Task directions: Produce an exact transcription of the data, with the images left out.

Input data:
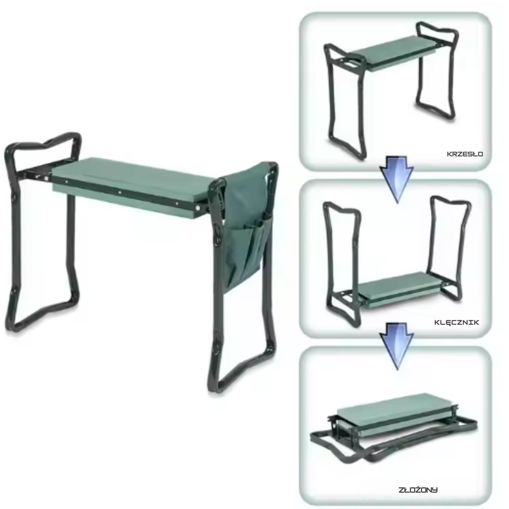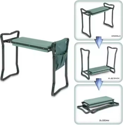 Dėl 3 viename funkcijos kelimėlį galite naudoti kaip taburetę sodinimui, kelimėlį ravėjimui arba suoliuką poilsiui. Minkštas EVA putplasčio pagrindas užtikrina puikų komfortą jūsų keliams. Sulankstoma konstrukcija leidžia lengvai transportuoti ir laikyti.
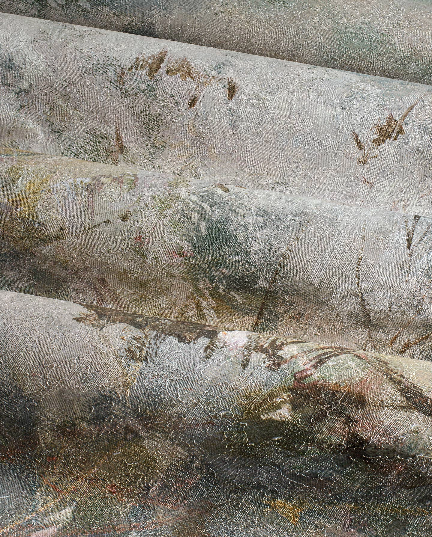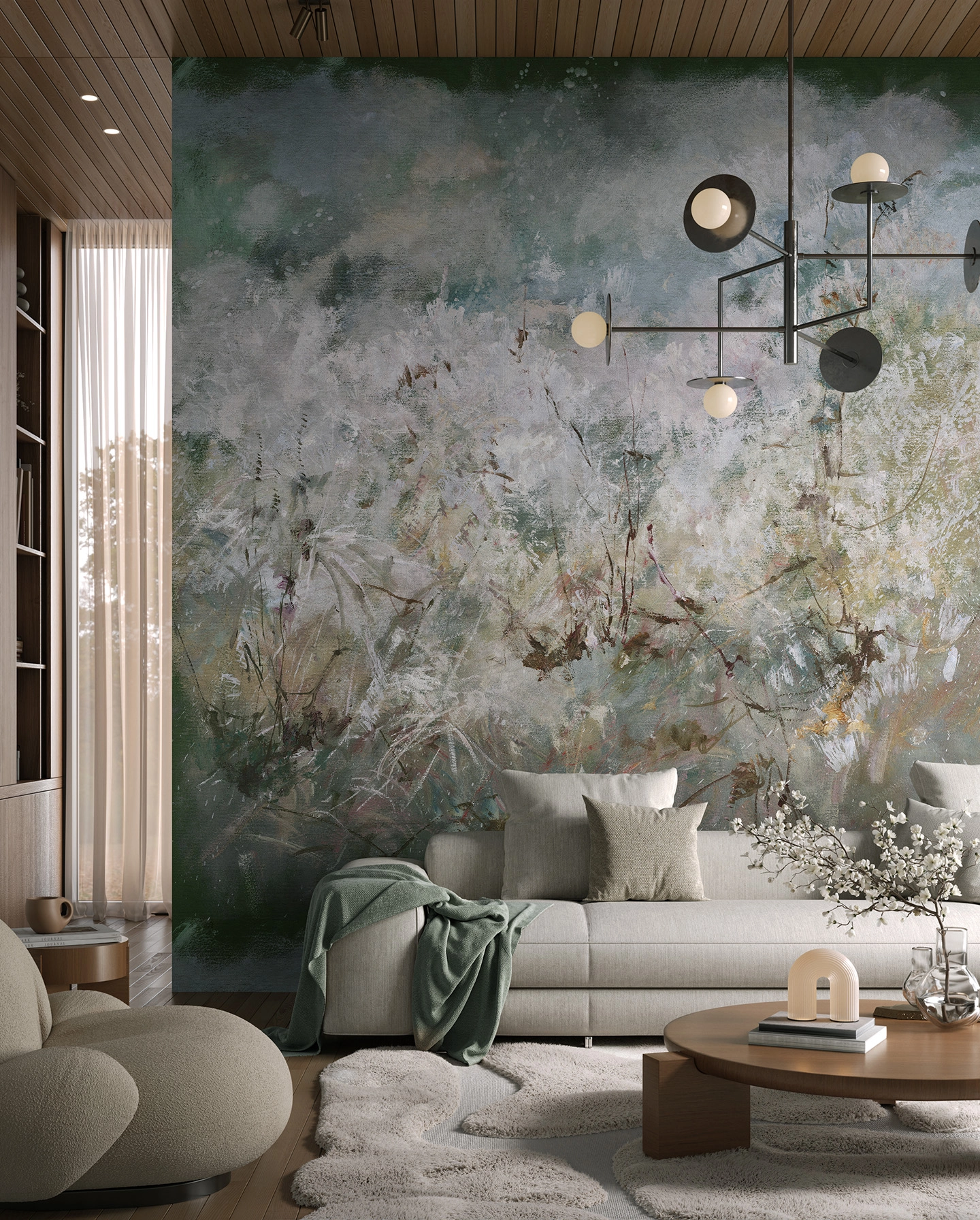 Paleta opiera się na zgaszonych zieleniach, oliwkowych szarościach i ciepłych beżach, z jasnym, mlecznym tłem w górnej części. Najwięcej nasycenia zbiera się w dolnej strefie, gdzie roślinność jest ciemniejsza i bardziej skupiona. Góra pozostaje jaśniejsza i bardziej „pusta”, co daje wrażenie lekkiej mgły.
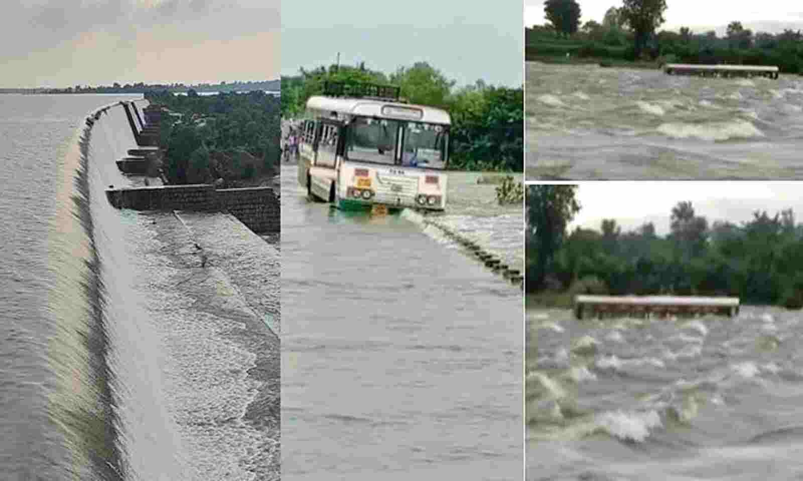 தெலங்கானா சிறிசில்லா மாவட்டம், கம்பீரவுப்பேட்டை, லிங்கண்ணப்பேட்டை இடையே அம்மாநில அரசுப் பேருந்து சென்று வருகிறது. வழக்கம் போல் நேற்று மாலை பேருந்து மன்னேறு ஆற்று கால்வாய் பாலத்தின் மீது சென்று கொண்டிருந்தபோது திடிரென்று வெள்ளத்தில் சிக்கியது.

Response area:
 Dėl 3 viename funkcijos kelimėlį galite naudoti kaip taburetę sodinimui, kelimėlį ravėjimui arba suoliuką poilsiui. Minkštas EVA putplasčio pagrindas užtikrina puikų komfortą jūsų keliams. Sulankstoma konstrukcija leidžia lengvai transportuoti ir laikyti.
 Paleta opiera się na zgaszonych zieleniach, oliwkowych szarościach i ciepłych beżach, z jasnym, mlecznym tłem w górnej części. Najwięcej nasycenia zbiera się w dolnej strefie, gdzie roślinność jest ciemniejsza i bardziej skupiona. Góra pozostaje jaśniejsza i bardziej „pusta”, co daje wrażenie lekkiej mgły.
 தெலங்கானா சிறிசில்லா மாவட்டம், கம்பீரவுப்பேட்டை, லிங்கண்ணப்பேட்டை இடையே அம்மாநில அரசுப் பேருந்து சென்று வருகிறது. வழக்கம் போல் நேற்று மாலை பேருந்து மன்னேறு ஆற்று கால்வாய் பாலத்தின் மீது சென்று கொண்டிருந்தபோது திடிரென்று வெள்ளத்தில் சிக்கியது.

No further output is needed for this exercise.